··· Input ···
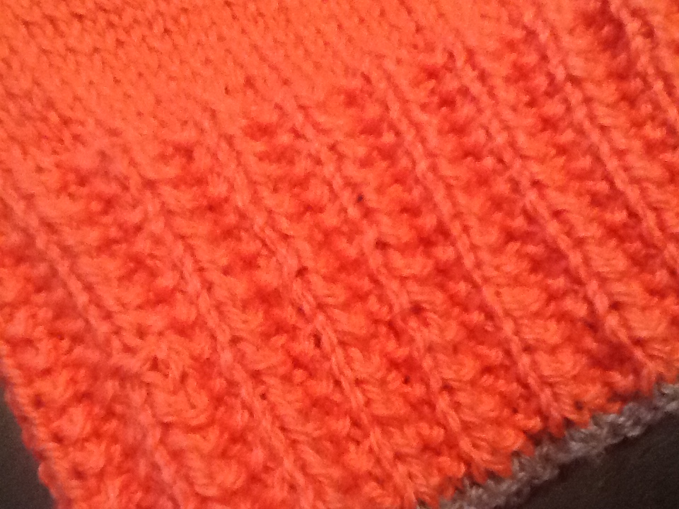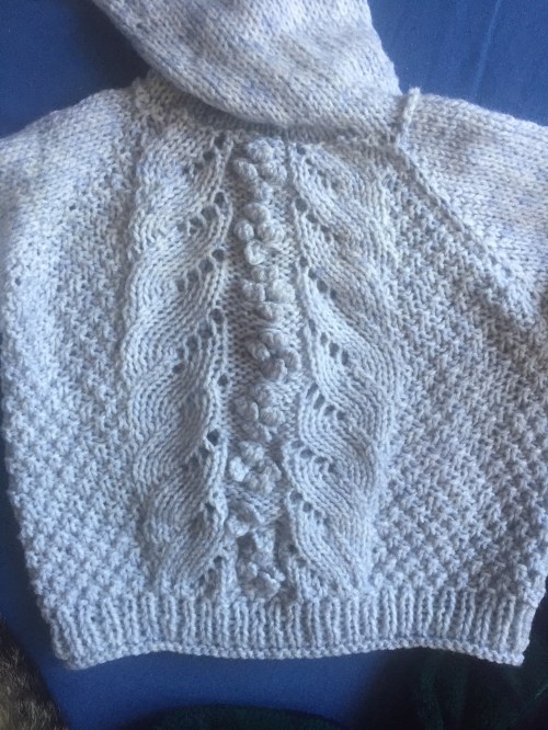 Ho proseguito a p riso doppio sui davanti,con le prime e ultime 4 m a legaccio e facendo un’asola sul davanti sin ( a ds se femmina):2 dir,1 gett,2 ass-) ogni 7 righe di legaccio. Ho lavorato ill dietro a p riso doppio e sulle 23 m centrali ( appena le avrete con gli aum ai raglan) il punto lavorato come da foto,
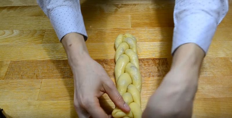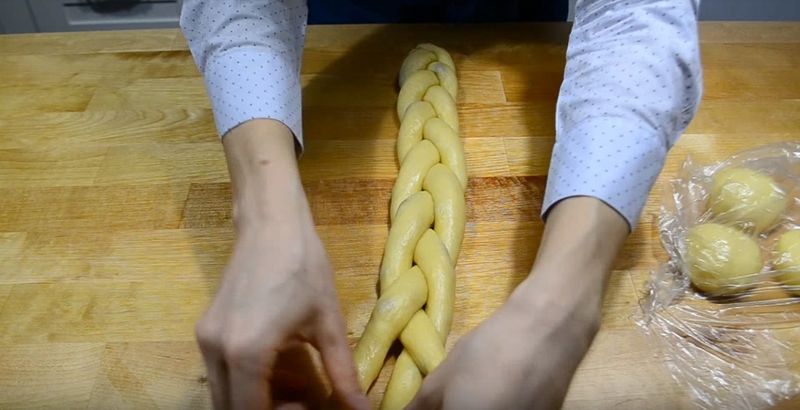 Procedăm la fel și cu bilele mai mici de aluat, așezăm împletitura în centrul tăvii.
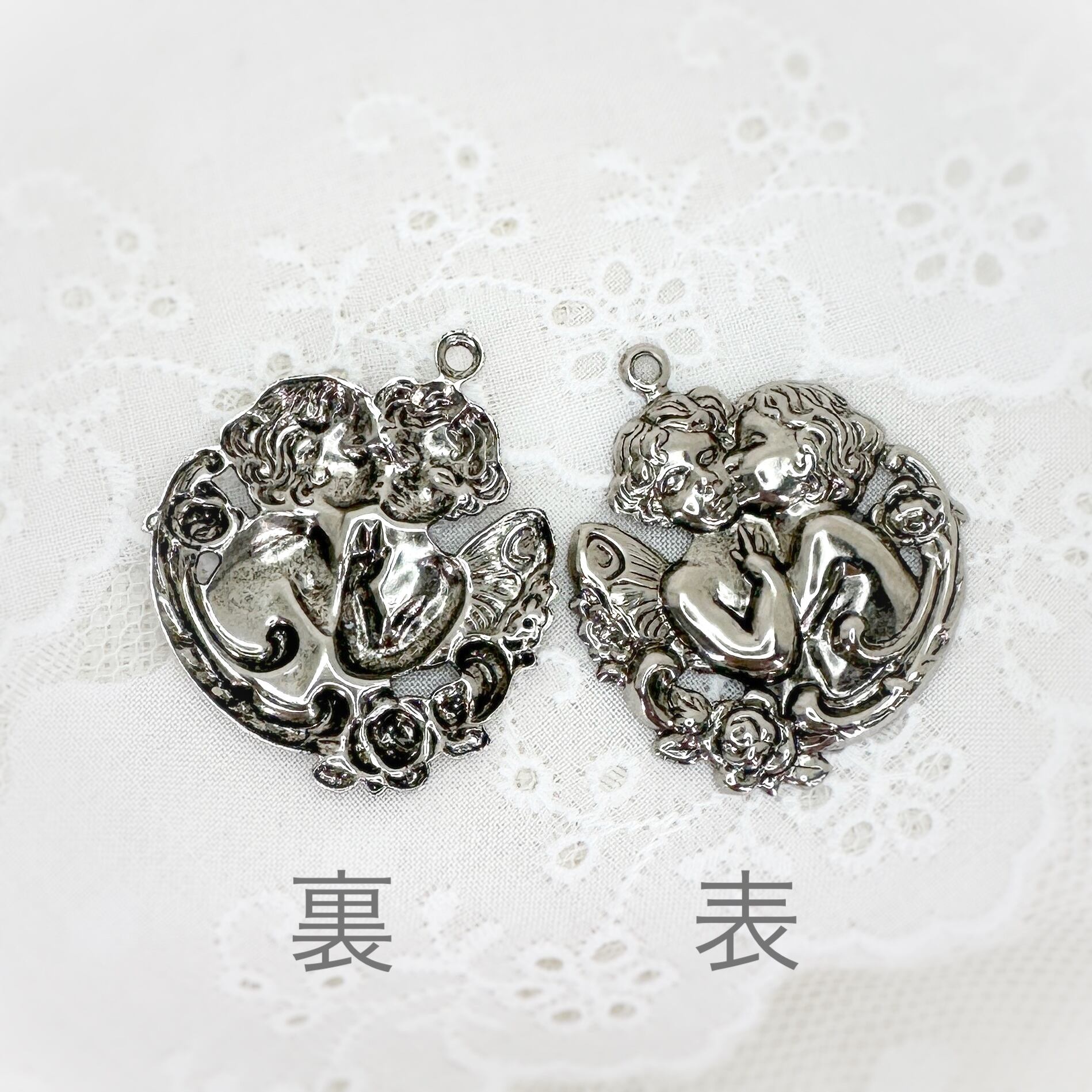 アメリカ直輸入 チャーム・パーツ ヴィンテージ エンジェル アンティークシルバー 2個セット PC32
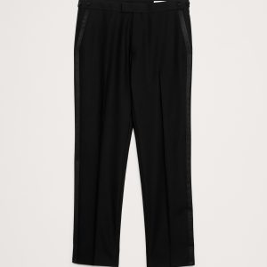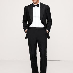A tuxedo as special as the occasions it’ll see. Note: the Italian wool barathea fabric, the silk faille tuxedo stripe at the sides, and the crisp trouser crease (so they formal).
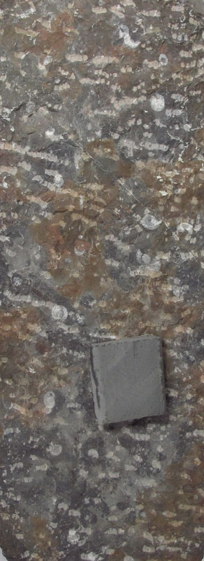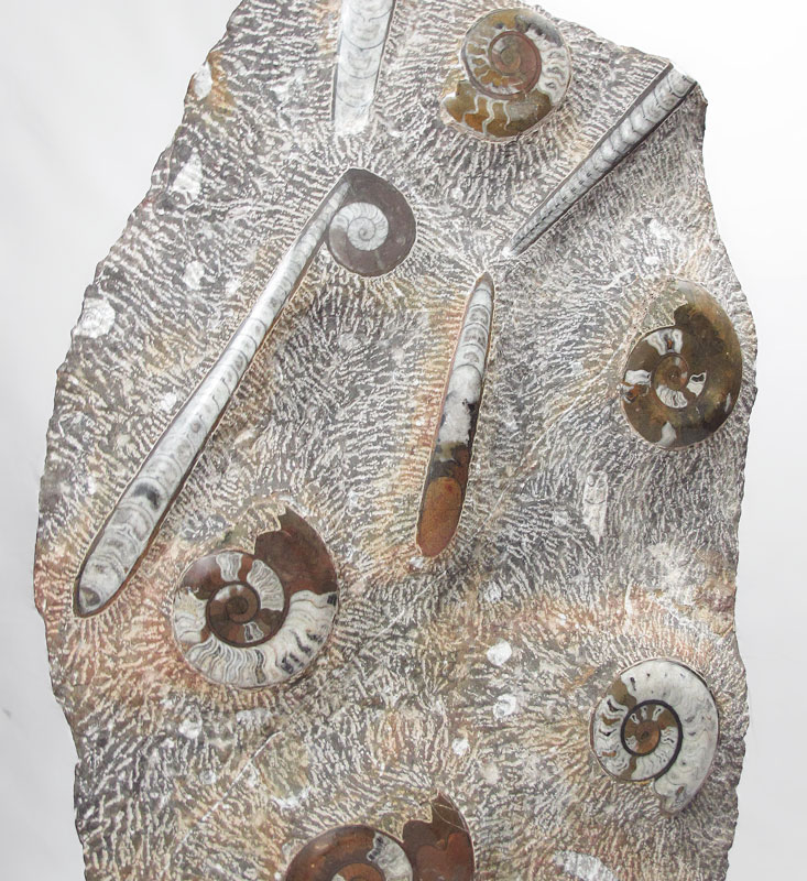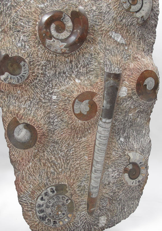 LARGE AMMONITE & ORTHOCERAS FOSSIL SLAB: Polished Ammonite & Orthoceras slab, would make a great display piece in an office or home. Measures 39 1/4'' x 17'' x 2 1/2''.
···
Please copy the records above word for word, omitting every picture.

 Ho proseguito a p riso doppio sui davanti,con le prime e ultime 4 m a legaccio e facendo un’asola sul davanti sin ( a ds se femmina):2 dir,1 gett,2 ass-) ogni 7 righe di legaccio. Ho lavorato ill dietro a p riso doppio e sulle 23 m centrali ( appena le avrete con gli aum ai raglan) il punto lavorato come da foto,
 Procedăm la fel și cu bilele mai mici de aluat, așezăm împletitura în centrul tăvii.
 アメリカ直輸入 チャーム・パーツ ヴィンテージ エンジェル アンティークシルバー 2個セット PC32
A tuxedo as special as the occasions it’ll see. Note: the Italian wool barathea fabric, the silk faille tuxedo stripe at the sides, and the crisp trouser crease (so they formal).
 LARGE AMMONITE & ORTHOCERAS FOSSIL SLAB: Polished Ammonite & Orthoceras slab, would make a great display piece in an office or home. Measures 39 1/4'' x 17'' x 2 1/2''.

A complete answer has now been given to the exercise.